EXERCISE MATERIALS Start Marker
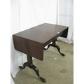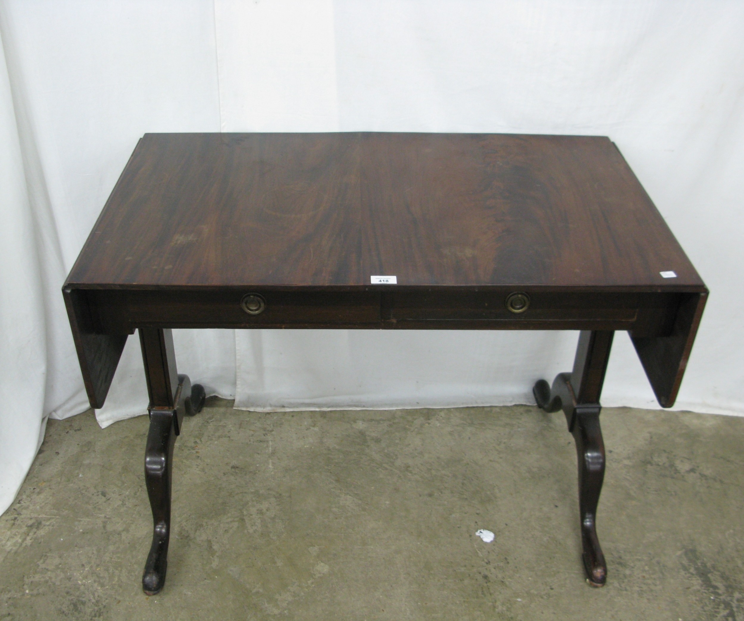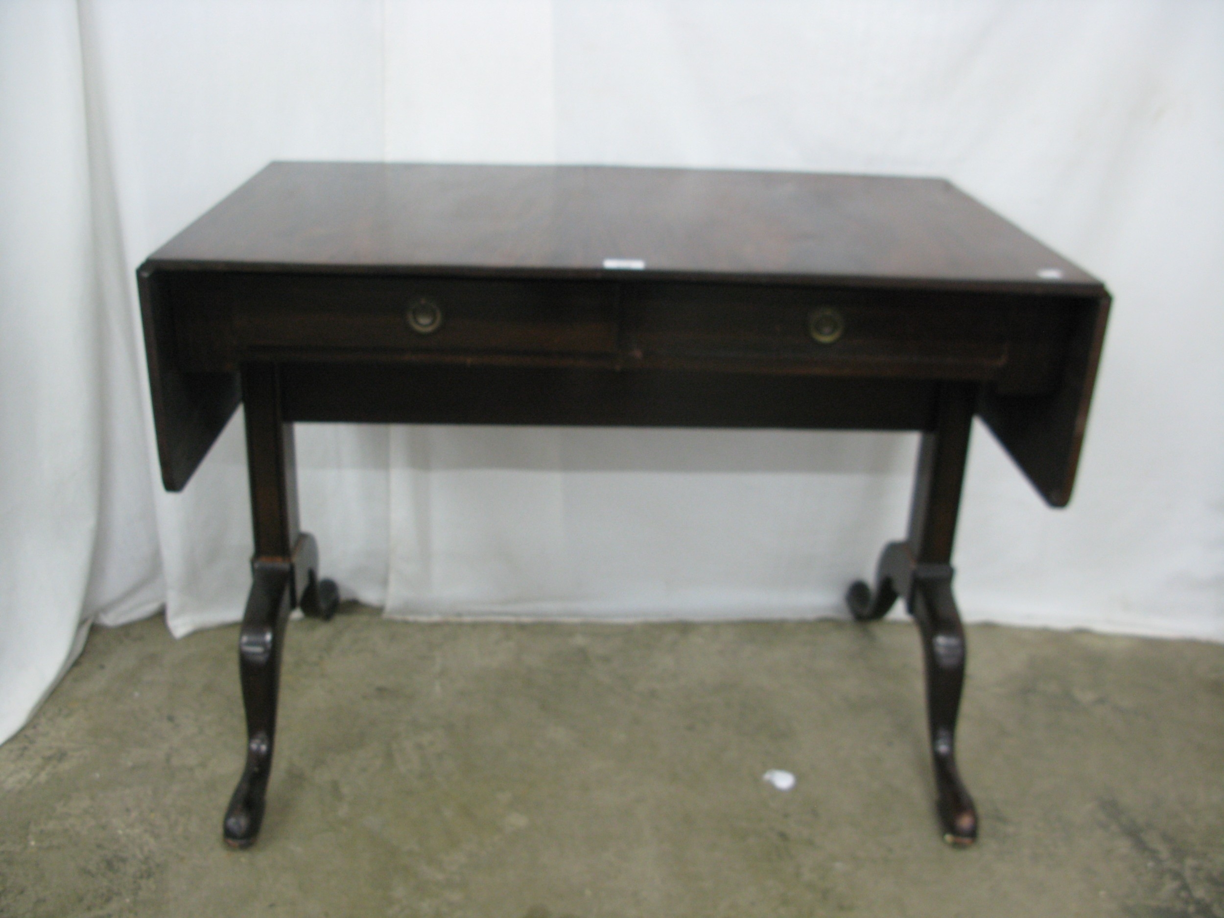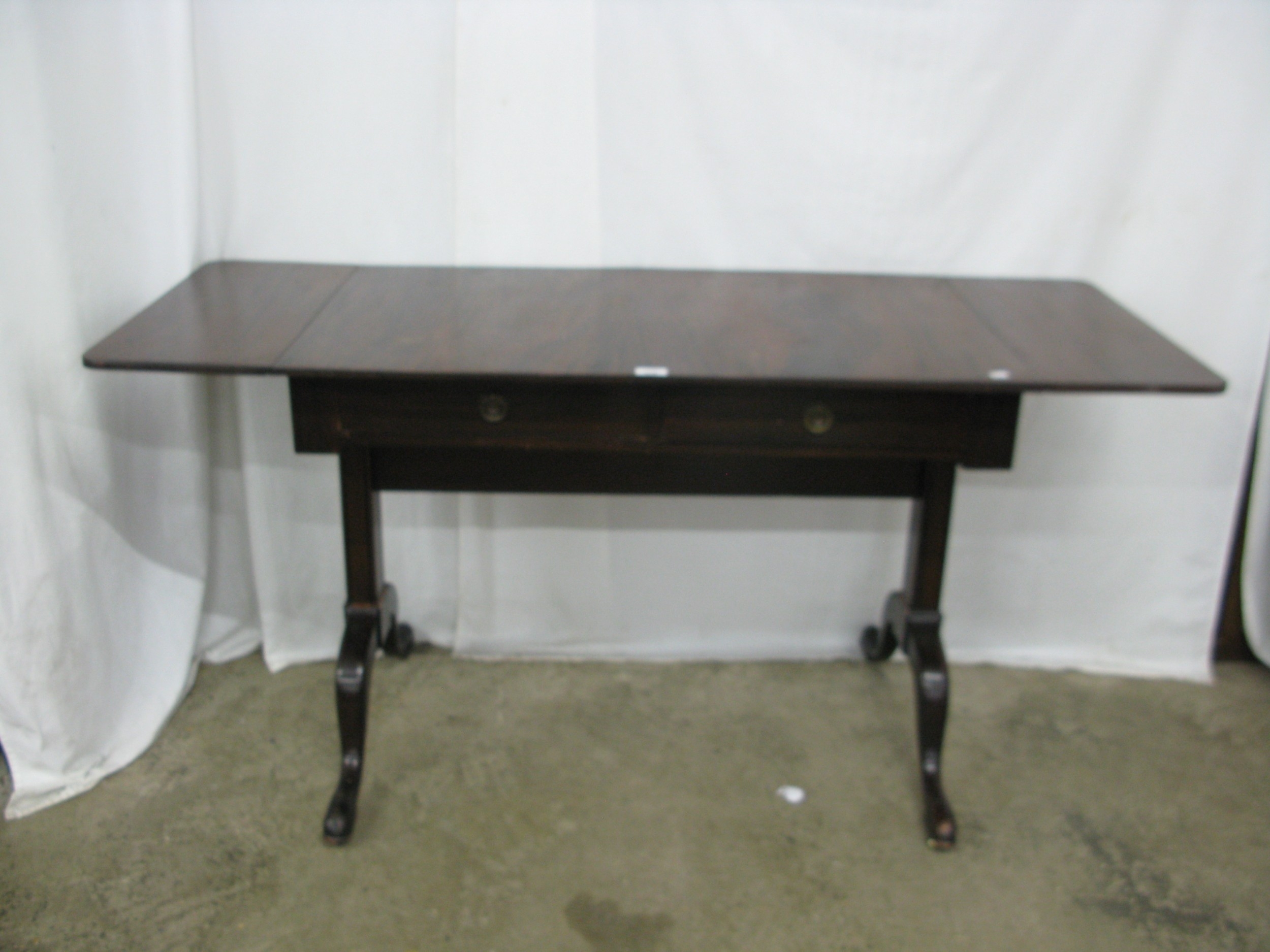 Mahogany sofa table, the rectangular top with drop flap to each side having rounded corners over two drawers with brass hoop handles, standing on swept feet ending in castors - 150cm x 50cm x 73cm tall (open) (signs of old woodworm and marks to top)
EXERCISE MATERIALS End Marker
EXERCISE MATERIALS Start Marker
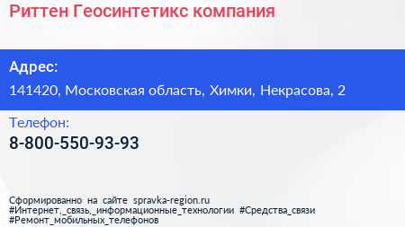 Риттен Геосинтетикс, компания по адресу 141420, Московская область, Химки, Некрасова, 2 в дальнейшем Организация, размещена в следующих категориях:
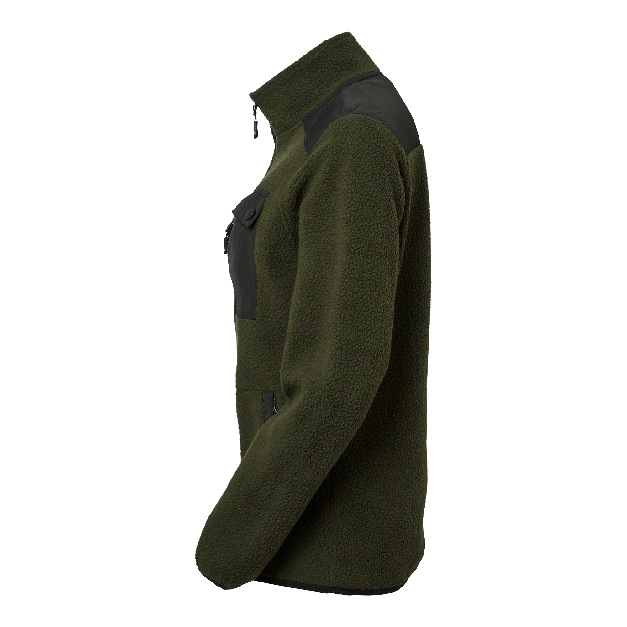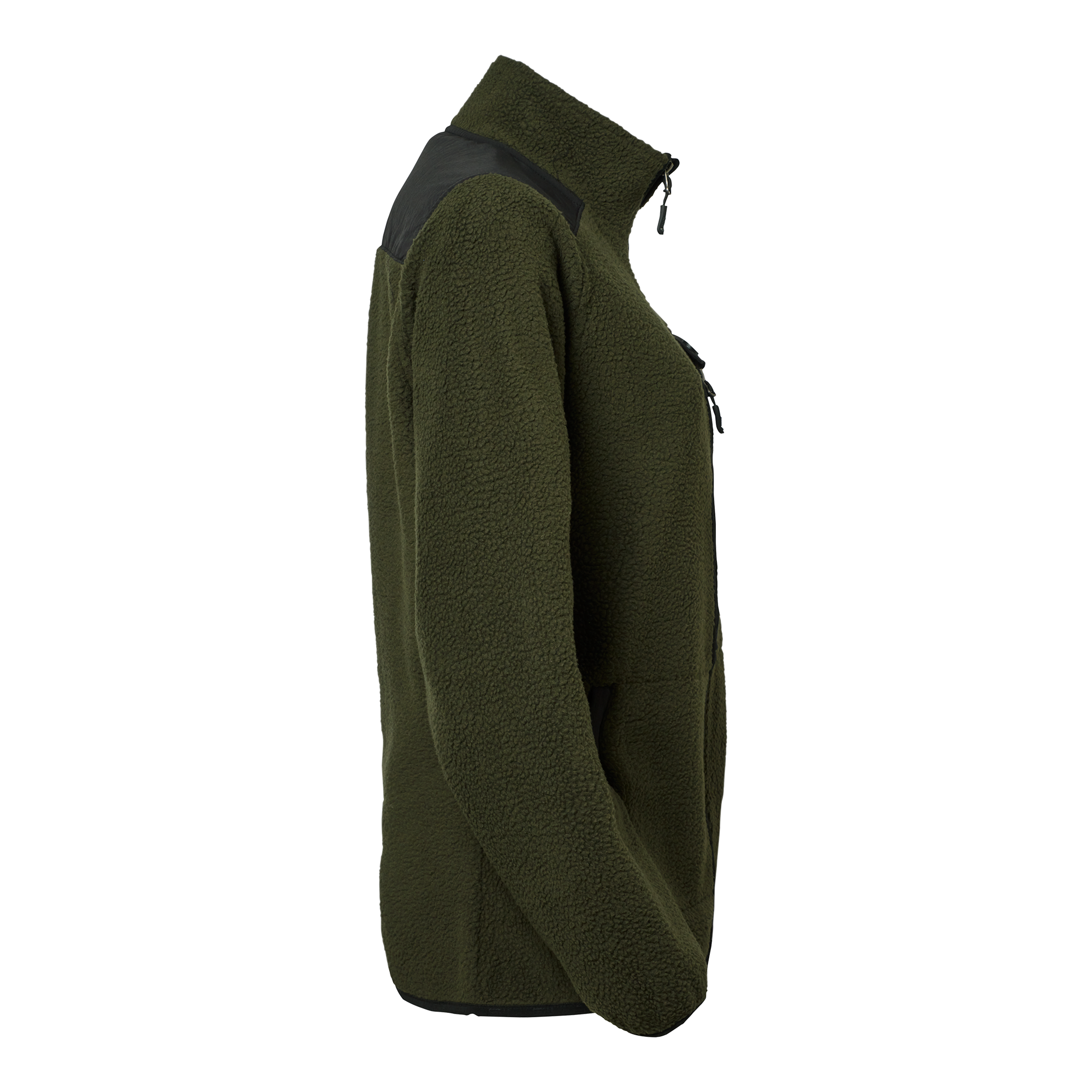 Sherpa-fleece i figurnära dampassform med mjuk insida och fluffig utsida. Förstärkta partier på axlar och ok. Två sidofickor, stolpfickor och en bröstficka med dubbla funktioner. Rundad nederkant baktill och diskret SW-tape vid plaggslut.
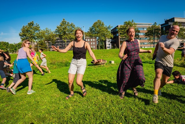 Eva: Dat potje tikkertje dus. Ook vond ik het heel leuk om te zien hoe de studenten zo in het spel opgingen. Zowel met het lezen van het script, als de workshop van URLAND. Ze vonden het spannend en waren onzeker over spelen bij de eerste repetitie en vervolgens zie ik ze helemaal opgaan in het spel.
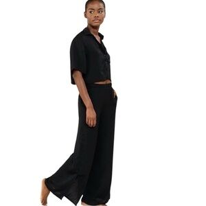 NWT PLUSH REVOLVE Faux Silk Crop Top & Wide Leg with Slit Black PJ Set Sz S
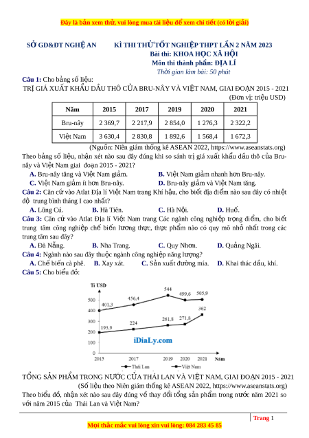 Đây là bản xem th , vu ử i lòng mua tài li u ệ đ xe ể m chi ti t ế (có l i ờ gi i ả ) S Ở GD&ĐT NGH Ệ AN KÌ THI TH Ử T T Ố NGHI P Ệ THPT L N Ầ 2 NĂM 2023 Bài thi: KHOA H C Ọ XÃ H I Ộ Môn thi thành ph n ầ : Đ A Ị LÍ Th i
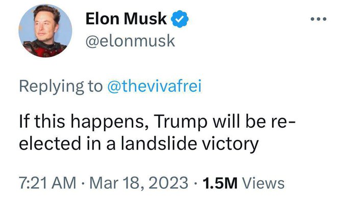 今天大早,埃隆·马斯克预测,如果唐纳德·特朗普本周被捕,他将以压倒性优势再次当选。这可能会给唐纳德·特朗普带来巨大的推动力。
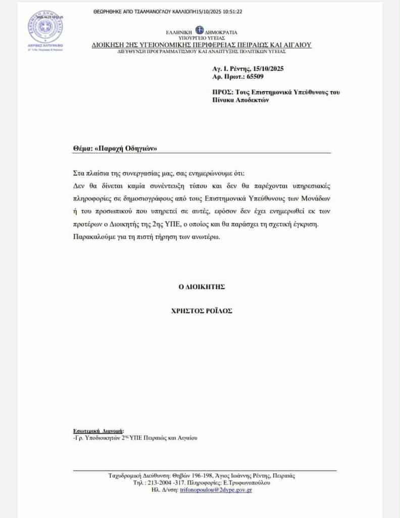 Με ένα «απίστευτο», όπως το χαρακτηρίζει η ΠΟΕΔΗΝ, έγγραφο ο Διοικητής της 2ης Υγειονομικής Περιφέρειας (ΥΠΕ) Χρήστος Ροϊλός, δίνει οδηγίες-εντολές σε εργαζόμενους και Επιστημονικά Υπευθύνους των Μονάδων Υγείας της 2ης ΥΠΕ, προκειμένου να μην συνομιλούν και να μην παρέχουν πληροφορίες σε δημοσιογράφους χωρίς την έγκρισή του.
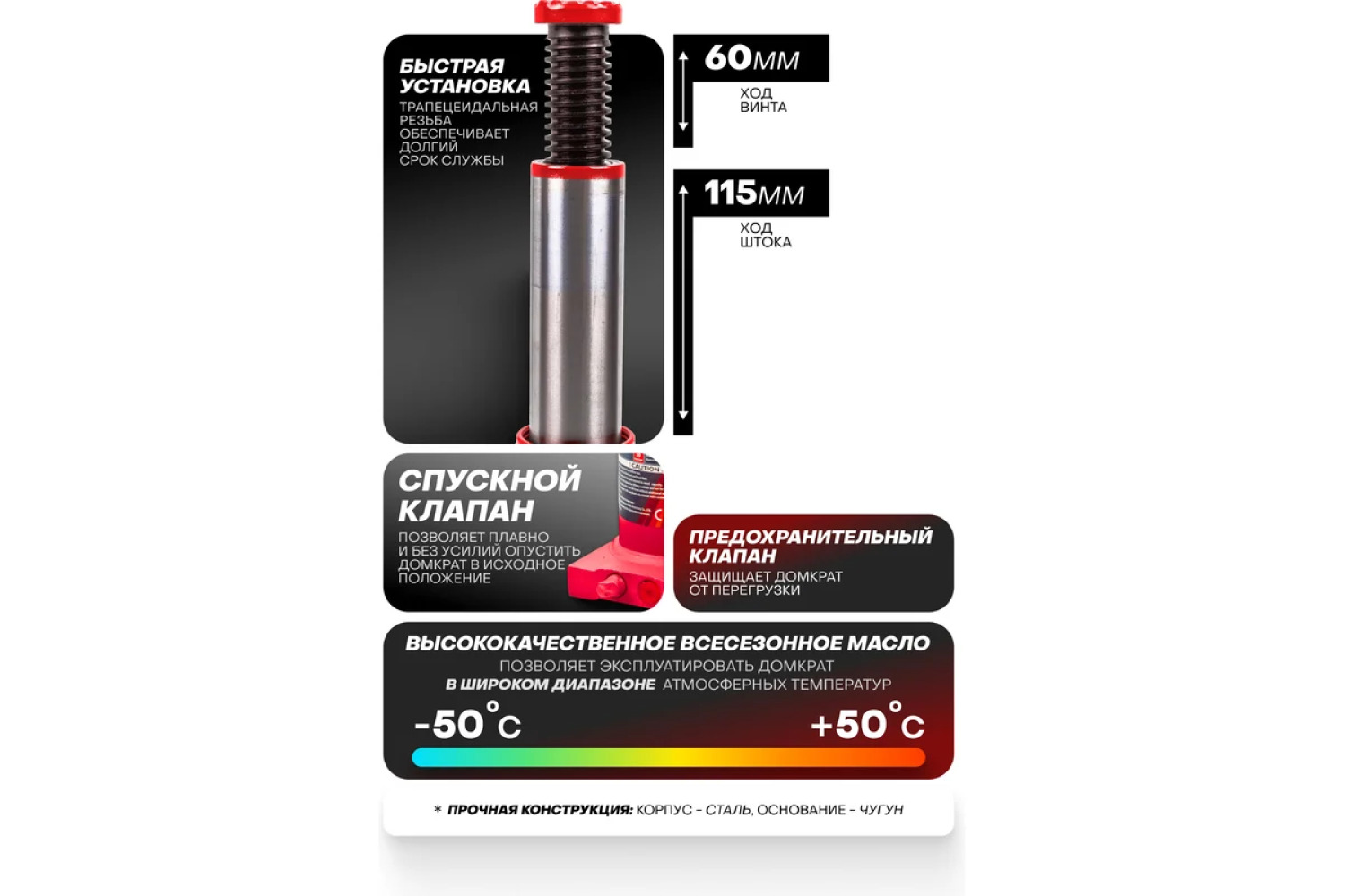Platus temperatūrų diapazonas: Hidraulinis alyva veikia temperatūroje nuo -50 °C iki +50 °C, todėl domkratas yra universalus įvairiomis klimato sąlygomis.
EXERCISE MATERIALS End Marker
- _WHAT YOU WILL DO_
Please repeat the lines of the material above exactly, starting with the line that contains "今天大早,埃隆·马斯克预测,如果唐纳德·" and ending with the line that contains "την έγκρισή του.". Leave the pictures out.

- _TASK ANSWER_
 今天大早,埃隆·马斯克预测,如果唐纳德·特朗普本周被捕,他将以压倒性优势再次当选。这可能会给唐纳德·特朗普带来巨大的推动力。
 Με ένα «απίστευτο», όπως το χαρακτηρίζει η ΠΟΕΔΗΝ, έγγραφο ο Διοικητής της 2ης Υγειονομικής Περιφέρειας (ΥΠΕ) Χρήστος Ροϊλός, δίνει οδηγίες-εντολές σε εργαζόμενους και Επιστημονικά Υπευθύνους των Μονάδων Υγείας της 2ης ΥΠΕ, προκειμένου να μην συνομιλούν και να μην παρέχουν πληροφορίες σε δημοσιογράφους χωρίς την έγκρισή του.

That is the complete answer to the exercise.